### Data below
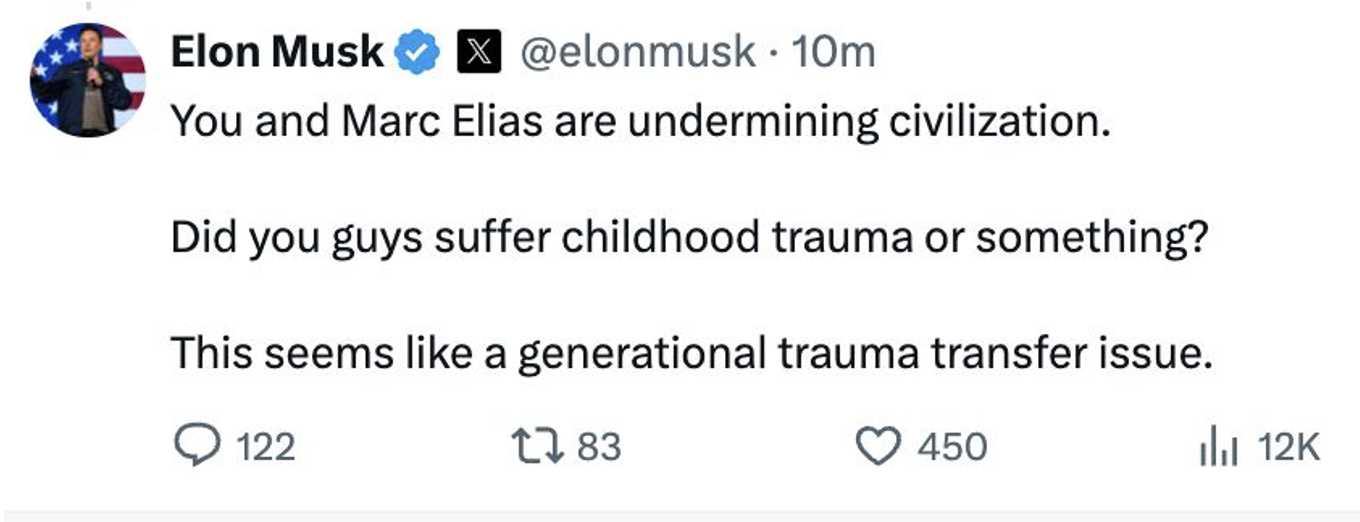 Elon Musk recently posted on his site that another lawyer and I are “undermining civilization.” He goes on to ask if we suffered childhood trauma and concludes by suggesting we are suffering from “generational trauma.” This is my response.
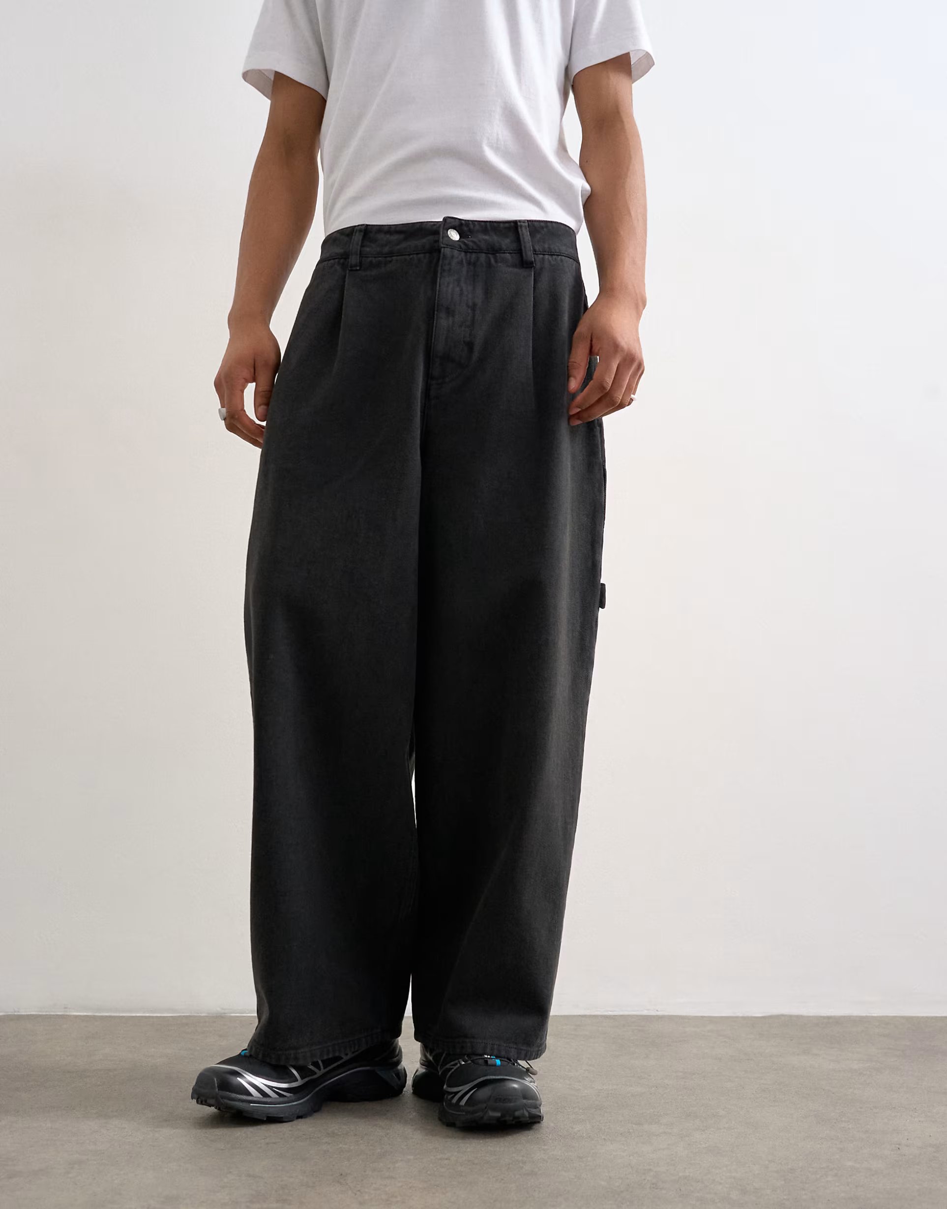 The ASOS Barrel Twill Carpenter Trousers in Black is made from twill.
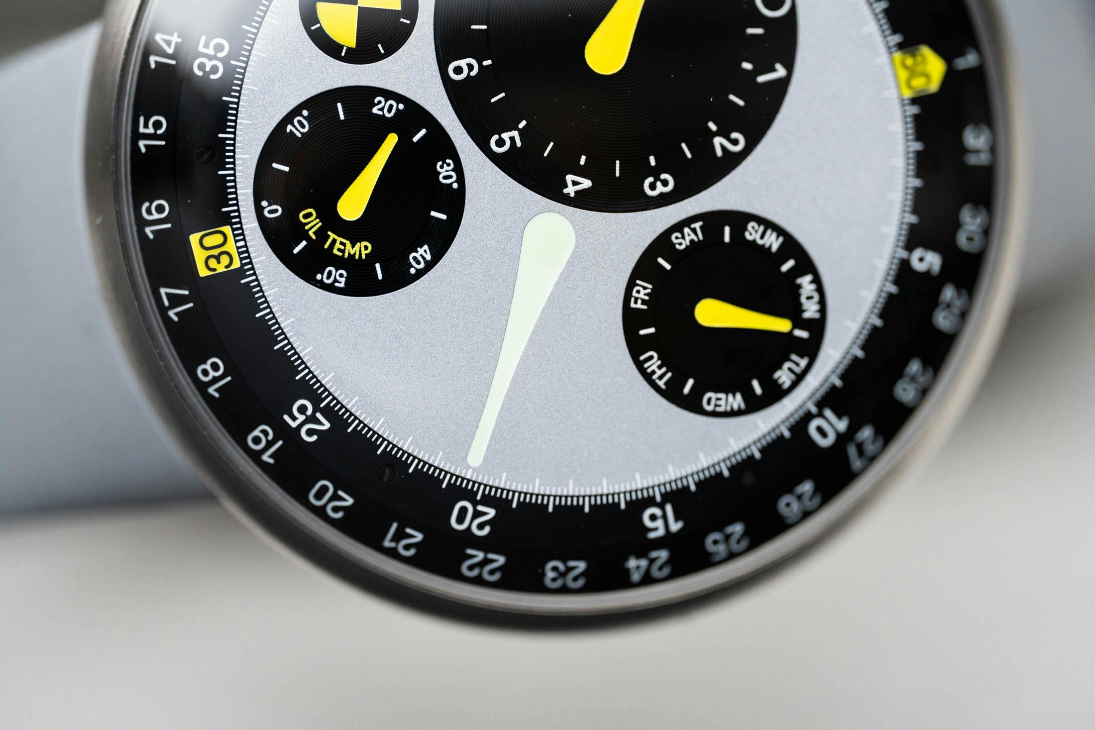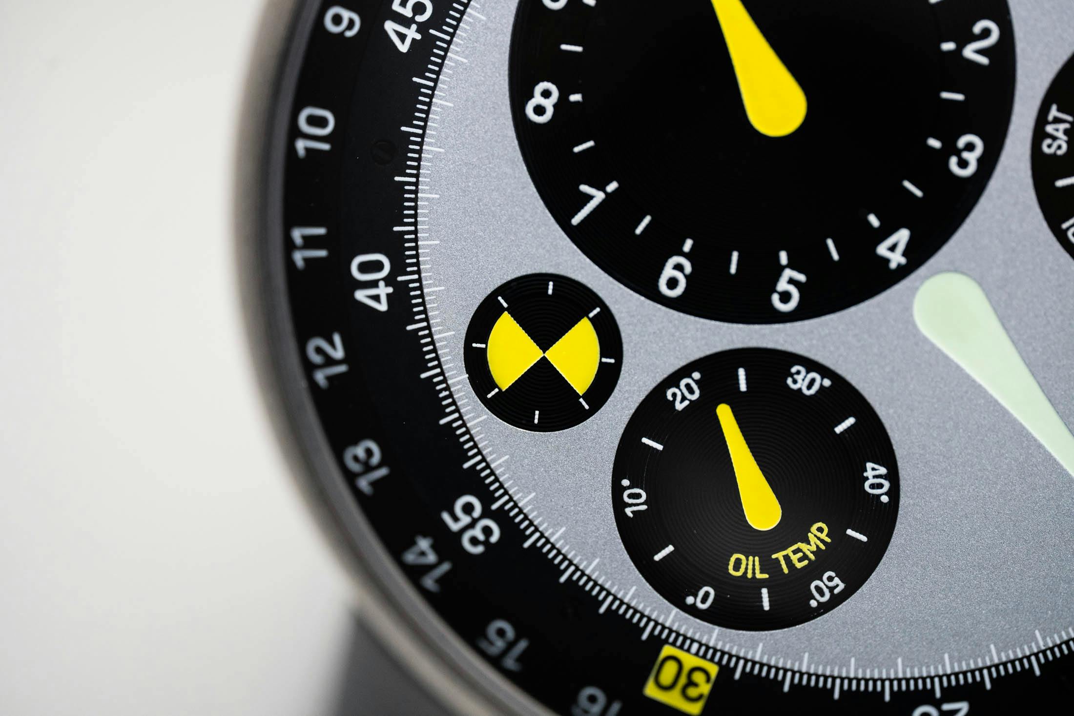 Thanks to the oil-filled effect, the black components of the dial take on a deep, inky look, contrasting with the matte-grained texture of the center grey disc. But up close, I was surprised to find pronounced snailing around the black satellite discs, completely missed at a normal distance. It’s a nice touch that adds an extra mix of textures to a completely flat (or rather, convex) dial. Surrounding the minutes track is the date ring, with the current date indicated at 12 o’clock by the yellow-accented 60-minute marker.

### Aim of the task
All of the material above is to be retyped exactly, with no pictures included.

### Problem solution
 Elon Musk recently posted on his site that another lawyer and I are “undermining civilization.” He goes on to ask if we suffered childhood trauma and concludes by suggesting we are suffering from “generational trauma.” This is my response.
 The ASOS Barrel Twill Carpenter Trousers in Black is made from twill.
 Thanks to the oil-filled effect, the black components of the dial take on a deep, inky look, contrasting with the matte-grained texture of the center grey disc. But up close, I was surprised to find pronounced snailing around the black satellite discs, completely missed at a normal distance. It’s a nice touch that adds an extra mix of textures to a completely flat (or rather, convex) dial. Surrounding the minutes track is the date ring, with the current date indicated at 12 o’clock by the yellow-accented 60-minute marker.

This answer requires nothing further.